First Studio Partnership

A mid-sized studio needed environment artists but kept rejecting candidates. We offered to train specifically for their workflow. That pilot program put eight people into paid positions and taught us what actual collaboration with employers looks like.

2023

Expanded Specializations

Character modeling kept coming up in student requests. We brought in freelancers working on shipped titles to design the track. Added hard surface and prop specializations next. Each one built around portfolios that actually show range and technical understanding.

2024

Remote Training Launch

Moved half our programs online without losing the hands-on approach. Small cohorts, live feedback sessions, mandatory portfolio reviews every two weeks.

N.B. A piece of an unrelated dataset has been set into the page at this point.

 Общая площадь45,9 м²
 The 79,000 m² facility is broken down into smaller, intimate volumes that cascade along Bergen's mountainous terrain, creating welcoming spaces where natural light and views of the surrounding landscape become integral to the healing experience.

Distance shouldn't mean disconnected.

2026

Looking Forward

Planning programs for July and October 2026. Working with three new studios on curriculum input. Testing a mentorship model that pairs advanced students with working professionals. Same goal as always: get people ready for actual production work.

What Training Looks Like

Students work on assignments pulled from real production scenarios. Tight deadlines, technical constraints, revision rounds. We don't simulate the industry, we teach through it.

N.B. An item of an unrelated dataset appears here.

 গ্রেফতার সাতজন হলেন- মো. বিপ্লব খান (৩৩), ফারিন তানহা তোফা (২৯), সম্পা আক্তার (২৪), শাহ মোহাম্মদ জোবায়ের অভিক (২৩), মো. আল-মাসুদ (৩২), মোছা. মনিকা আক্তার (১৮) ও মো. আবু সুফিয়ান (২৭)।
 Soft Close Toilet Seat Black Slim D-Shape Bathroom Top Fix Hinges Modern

Student workspace during 3D modeling session with multiple reference monitors
Technical review of game asset topology and UV layout
Group critique session analyzing prop modeling techniques
Final portfolio presentation showcasing completed game environment

How We Actually Teach

Production First

Every lesson connects to how studios actually build games. Poly counts matter. Texture budgets exist. LODs aren't optional. Students learn constraints before they learn shortcuts.

Feedback That Matters

Weekly reviews from instructors who've shipped titles. Not vague encouragement. Specific technical notes about topology, baking issues, material definition. The kind of feedback that improves the next model, not just feelings.

Portfolio Over Everything

Studios hire based on what you can show. We push students to finish pieces that demonstrate skill. Three strong assets beat ten half-done experiments. Quality takes time, and we structure programs to allow it.

Real Timelines

Programs run six to nine months because that's how long developing actual competency takes. Anyone promising mastery in weeks isn't being straight with you about what learning this work involves.

Instructor providing detailed technical feedback on student 3D model wireframe
Vilmar Espensen, founder and lead instructor at Growthex Academy

Vilmar Espensen

Founder & Lead Instructor

Worked as an environment artist for seven years before starting Growthex. Contributed to two shipped console titles and too many cancelled projects. Saw talented people get stuck in tutorial loops or wash out of junior positions because their training skipped fundamentals.

Started teaching part-time in 2018, realized formal education was asking the wrong questions. Left studio work in 2019 to build something focused on employability instead of credentials.

The best students aren't the ones with natural talent. They're the ones who can take critical feedback, revise work until it's right, and understand that getting good at this takes longer than a few months.